New challenge to net metering is filed with FERC

The Federal Energy Regulatory Commission is being asked to make a decision on “net metering” and it could possibly affect how Oklahoma utilities handle rates for solar and wind powered electricity.

Under Oklahoma law, utilities are not allowed to impose extra charges for customers signed up for net metering up to 100kw in size or 25,000 khw/year, which ever is less. Nor can the utilities require new liability insurance as a condition for interconnection.

But a recent filing has some legal experts suggesting that if okayed by FERC, it will “end net metering as we know it,” according to a report by Utility Dive.

 

The petition from the New England Ratepayers Association (NERA) asks FERC to “declare that there is exclusive federal jurisdiction over wholesale energy sales from generation sources located on the customer side of the retail meter.” In other words, NERA makes the case that any behind-the-meter, or customer-sited, energy generation is a wholesale sale, subject to FERC jurisdiction.

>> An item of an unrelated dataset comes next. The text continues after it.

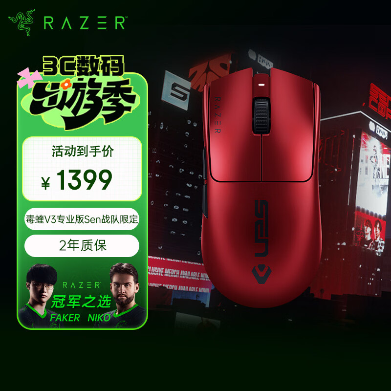 雷蛇(Razer)毒蝰V3pro专业版 Sentinels战队限定款 电竞游戏轻量化 无线鼠标 Sen战队 赤焰红色 cs 无畏契约
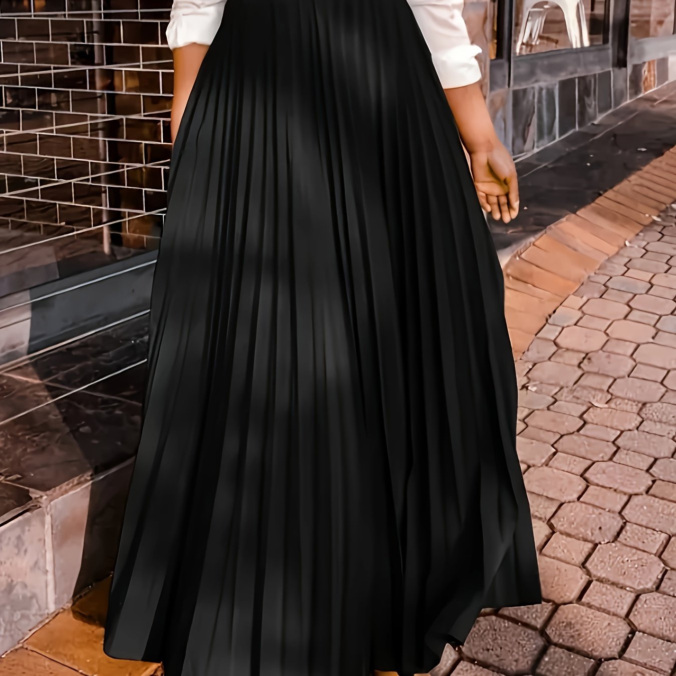 Katta o'lchamdagi ayollar uchun bir rangli, nafis elastik bel maxi yubka.

The group’s points echo some of the issues raised by utilities and their trade groups, which have long argued that forcing utilities to pay rooftop solar owners for the excess power they produce is unfair to ratepayers who don’t site solar. But the fact that the issue is being raised by a non-profit regional ratepayers group is raising eyebrows for some.

Public Citizen has filed to intervene in the motion, hoping to force NERA to disclose its funders.

“NERA is likely backed by very powerful, well-funded interests, and they are extremely smart and aggressive about their strategies,” Tyson Slocum, director of Public Citizen’s Energy Program, told Utility Dive.

Net metering compensates solar producers for the amount of generation they produce but don’t consume. Utilities pay for that excess generation at a retail rate, which NERA notes often exceeds the wholesale rate.

The group argues that in instances where “a portion of the energy produced behind the retail meter either exceeds the customer’s demand or is designed to bypass the customer’s load and is physically directed entirely to the local utility,” that exchange should be considered a wholesale sale, regulated by FERC.

In effect, the policy would not have immediate consequences, but would change the federal commission’s precedent set in previous cases, where the commission ruled net metering compensation was not the same as a wholesale sale. NERA disagrees with this premise, arguing that it was “improper for the Commission to do so,” in an FAQ emailed to Utility Dive by NERA president Marc Brown.

If successful, the petition would ensure that “any excess energy delivered to the utility at any time is a wholesale sale, subject to FERC jurisdiction,” Jeff Dennis, managing director and general counsel at Advanced Energy Economy told Utility Dive. “Therefore, it’s either a sale under [the Public Utilities Regulatory Policies Act (PURPA)]  subject to avoided cost pricing, or the customer essentially has to have a rate on file with FERC.”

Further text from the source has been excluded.